◆ WORK REQUEST ◆
Once the pictures are set aside, copy the data below exactly as it stands.

◆ INFORMATION SUPPLIED ◆

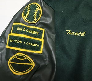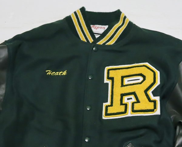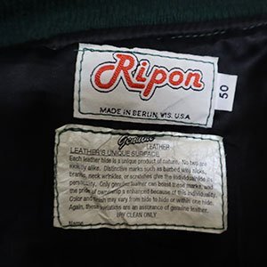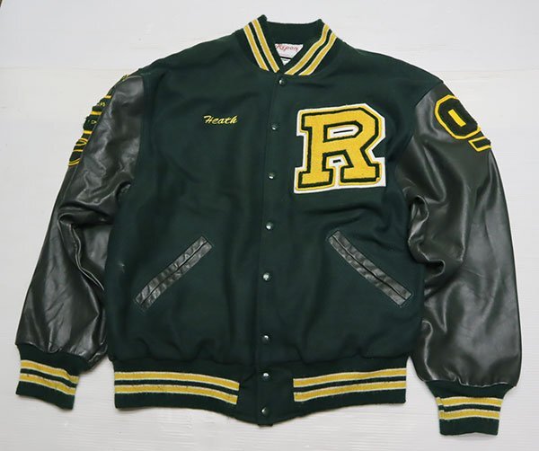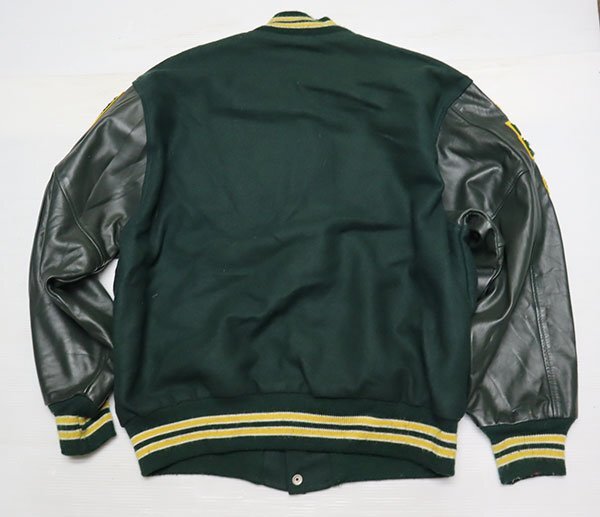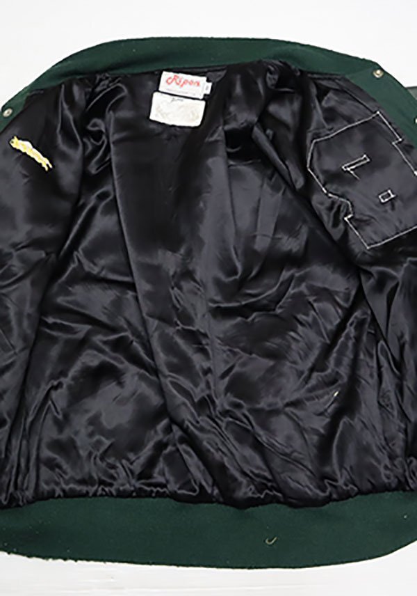 アメリカ買い付けのアメリカ製の袖Xポケット縁革スタジャンの緑系の裏地内装はアセテート?です。
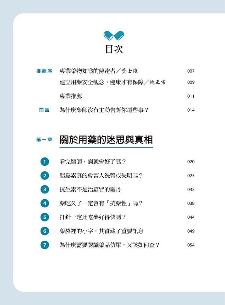如今,在資訊爆炸、醫療迷思滿天飛的時代,正確的用藥知識從來沒有像現在這麼重要。正憲透過這本書,把藥師平時來不及說、一般民眾往往忽略的細節,完整呈現出來。這不只是一本關於藥物的書, 更是一本關於理解身體、信任醫療、保護自己的書。
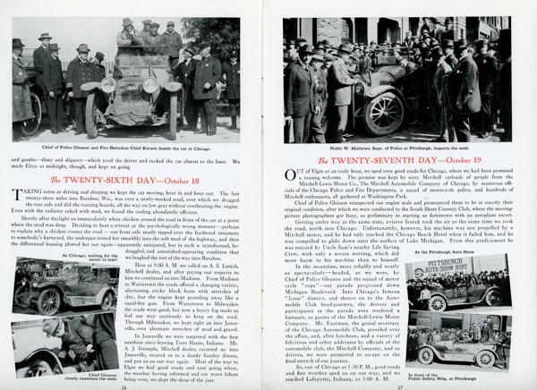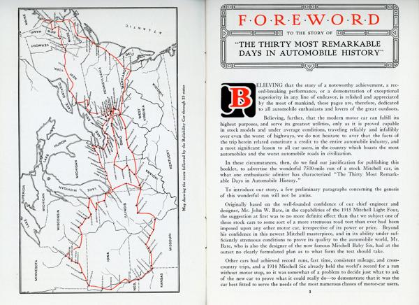 Original printed stapled wrappers, 32 pp., including a full-page map and illustrations from photographs. A rare account of an epic, early American automobile trip, covering much of the Midwest, Mid-Atlantic, and Northeast, and venturing as far west as Kansas and Nebraska. The Mitchell-Lewis Motor Company, based in Racine, only existed from 1903 to 1923, but it was an incredibly active two decades, with steady growth in production, vigorous marketing efforts, and participation in a number of distance driving contests to show the quality and reliability of their cars. The trip documented herein, in a 1915 Mitchell Light Four, began in Chicago on September 23, 1914. The drivers, William H. Halsey (of the Williams-Halsey Motor Car Company and an accomplished cross-country driver), Ray Barnett (who had previously driven a Mitchell Six a record distance without a stop), and Frank Zirbes (of the Mitchell Company, and the trip's navigator) were challenged to go as far as they could in a month, and covered 7500 miles, averaging 250 miles a day. The map shows the route taken by the car, as far north as Portland, Maine; down to Washington, D.C.; twice across the Midwest; and westward into Nebraska and Kansas. The first portion of the text gives a general overview of the journey, followed by a day-by-day account of the car's travels, including conditions that tested the car's cooling system, suspension, ability to cross muddy dirt roads, and other challenges. Profusely illustrated throughout with illustrations from photographs, showing the many cities visited, the car in front of Mitchell dealerships, stuck in mud in Kansas, traversing a primitive road in Missouri, and much more. As this journey only went about halfway across the country, it does not qualify for inclusion in Bliss's Autos Across America, though the total distance covered is certainly that of a trip from coast to coast and back. A bit of light sunning to the wrappers, else a near fine copy.

◆ TASK RESULT ◆
 アメリカ買い付けのアメリカ製の袖Xポケット縁革スタジャンの緑系の裏地内装はアセテート?です。
如今,在資訊爆炸、醫療迷思滿天飛的時代,正確的用藥知識從來沒有像現在這麼重要。正憲透過這本書,把藥師平時來不及說、一般民眾往往忽略的細節,完整呈現出來。這不只是一本關於藥物的書, 更是一本關於理解身體、信任醫療、保護自己的書。
 Original printed stapled wrappers, 32 pp., including a full-page map and illustrations from photographs. A rare account of an epic, early American automobile trip, covering much of the Midwest, Mid-Atlantic, and Northeast, and venturing as far west as Kansas and Nebraska. The Mitchell-Lewis Motor Company, based in Racine, only existed from 1903 to 1923, but it was an incredibly active two decades, with steady growth in production, vigorous marketing efforts, and participation in a number of distance driving contests to show the quality and reliability of their cars. The trip documented herein, in a 1915 Mitchell Light Four, began in Chicago on September 23, 1914. The drivers, William H. Halsey (of the Williams-Halsey Motor Car Company and an accomplished cross-country driver), Ray Barnett (who had previously driven a Mitchell Six a record distance without a stop), and Frank Zirbes (of the Mitchell Company, and the trip's navigator) were challenged to go as far as they could in a month, and covered 7500 miles, averaging 250 miles a day. The map shows the route taken by the car, as far north as Portland, Maine; down to Washington, D.C.; twice across the Midwest; and westward into Nebraska and Kansas. The first portion of the text gives a general overview of the journey, followed by a day-by-day account of the car's travels, including conditions that tested the car's cooling system, suspension, ability to cross muddy dirt roads, and other challenges. Profusely illustrated throughout with illustrations from photographs, showing the many cities visited, the car in front of Mitchell dealerships, stuck in mud in Kansas, traversing a primitive road in Missouri, and much more. As this journey only went about halfway across the country, it does not qualify for inclusion in Bliss's Autos Across America, though the total distance covered is certainly that of a trip from coast to coast and back. A bit of light sunning to the wrappers, else a near fine copy.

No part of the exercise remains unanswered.